Under 0.05 px observation noise, the fitted model reaches approximately the
same RMS error as the exact oracle rayfield evaluated at noisy pixels, so the
remaining error is consistent with stereo noise propagation.
Current scope limits:
the default benchmark still reports the staged
O(u,v)-only result because it isolates non-central identifiability;an experimental BA mode now optimizes
O(u,v),d(u,v), board poses, and the stereo rig from image-coordinate observations;the rendered-image step now compares raw OpenCV ChArUco detections with the same detections after public
rayfield_tps_robustplanar refinement, then feeds both front-ends into the same complete BA;remaining validation should focus on real image sets.

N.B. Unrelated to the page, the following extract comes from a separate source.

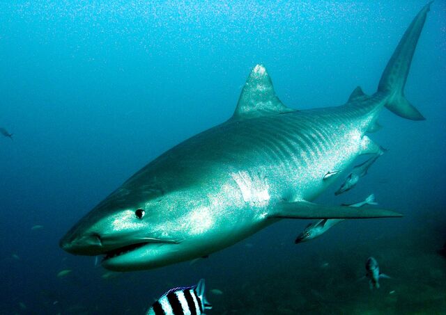 現地時間5月12日、スコット・ハラグチさんはカヤックでオアフ島の沖合に出て、魚釣りを楽しんでいました。すると突然、海面から現れた大きなサメに体当たりされてしまったそう。 これら一連の出来事は、スコットさんのカヤックに取り付けてあったカメラに収められていました。サメはカヤックの前方から近づいてきて、進行方向左側の側面に激突。大きな口を開けて、カヤックに噛み付いてきました。すぐに気づいたスコットさんは「タイガーシャークだ!」と叫んで、近くにいた仲間たちに注意を呼びかけました。 幸いにもけがはなかったというスコットさん。サメを確認する前に「フーッ」という音を聞いたそうで、「見上げると、カヤックの側面に幅の広い茶色のものが見えた。一瞬、カメかと思いました」と振り返っています。 一般的に20フィート(約6メートル)ほどあるというタイガーシャークは、体にトラと似た模様があることからその名が付けられており、日本ではイタチザメと呼ばれています。世界中の温帯から熱帯海域に分布するサメで、クジラなどの哺乳類をはじめ、ウミガメやウミヘビなどの爬虫類までなんでも食べるそうです。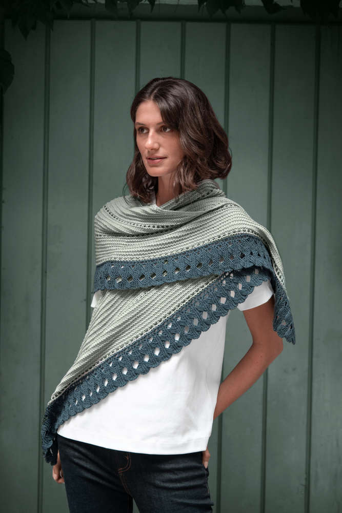 Speziell für unsere neue Farbpalette hat die schwedische Designerin Matilda Kruse das Tuch Rosemary (deutsch: Rosmarin) in unserer Cheeky Merino Joy entworfen. Sein Name ist von unseren neuen Grüntönen inspiriert und erinnert an den Duft sommerlicher Kräuter. In dem halbmondförmigen Tuch entstehen horizontale Linien durch Elemente in kraus rechts und Hebemaschen. Rosemary ist ein Strickprojekt zum Entspannen, dessen interessante Abschlusskante dann etwas herausfordernder ist.

The next experiment should use the same full procedure, keep the Ray2D front-end in the loop, and replace the synthetic oracle with real images:
parallel-plate oracle -> rendered images -> OpenCV detections -> Ray2D refinement
-> central initialization -> non-central BA over O,d,poses,rig
-> held-out 3D reconstruction metrics
Success should be judged against the oracle noisy-pixel floor reported above, not against zero error.